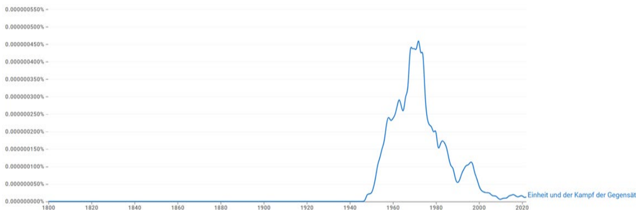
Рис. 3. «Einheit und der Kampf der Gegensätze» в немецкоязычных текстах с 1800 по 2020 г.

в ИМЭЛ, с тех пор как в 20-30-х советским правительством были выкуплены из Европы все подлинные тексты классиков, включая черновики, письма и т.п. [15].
* * *
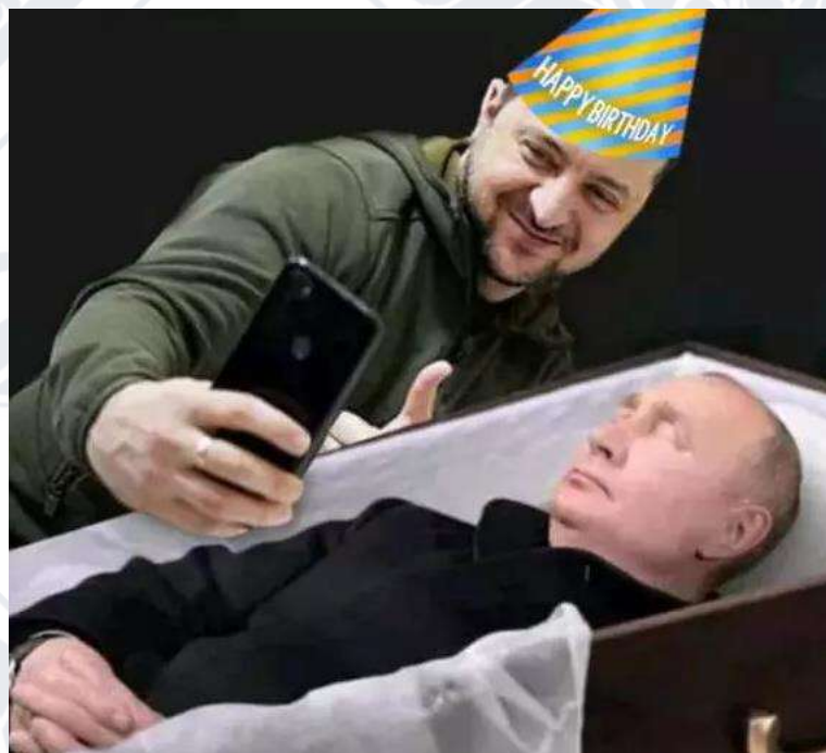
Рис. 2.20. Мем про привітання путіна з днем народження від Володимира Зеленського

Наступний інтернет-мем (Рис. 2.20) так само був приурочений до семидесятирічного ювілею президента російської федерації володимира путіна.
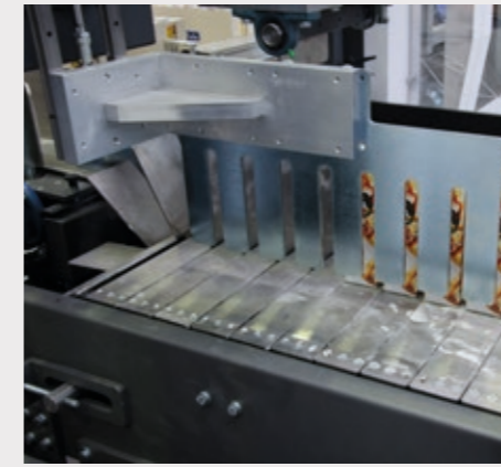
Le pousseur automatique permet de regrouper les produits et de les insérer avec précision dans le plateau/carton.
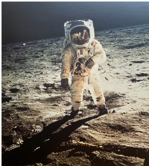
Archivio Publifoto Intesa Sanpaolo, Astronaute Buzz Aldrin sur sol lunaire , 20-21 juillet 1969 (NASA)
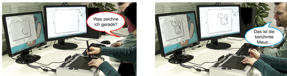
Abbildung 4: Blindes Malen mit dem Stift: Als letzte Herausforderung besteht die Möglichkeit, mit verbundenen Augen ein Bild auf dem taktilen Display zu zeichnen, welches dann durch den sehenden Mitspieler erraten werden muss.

**Task instructions**
Which part of the entries opens with the line containing "Наступний інтернет-мем (Рис." and closes with the line containing "Abbildung 4: Blindes"? Output that part exactly, ends included, pictures excluded.

**Completed exercise**
Наступний інтернет-мем (Рис. 2.20) так само був приурочений до семидесятирічного ювілею президента російської федерації володимира путіна.
Le pousseur automatique permet de regrouper les produits et de les insérer avec précision dans le plateau/carton.
Archivio Publifoto Intesa Sanpaolo, Astronaute Buzz Aldrin sur sol lunaire , 20-21 juillet 1969 (NASA)
Abbildung 4: Blindes Malen mit dem Stift: Als letzte Herausforderung besteht die Möglichkeit, mit verbundenen Augen ein Bild auf dem taktilen Display zu zeichnen, welches dann durch den sehenden Mitspieler erraten werden muss.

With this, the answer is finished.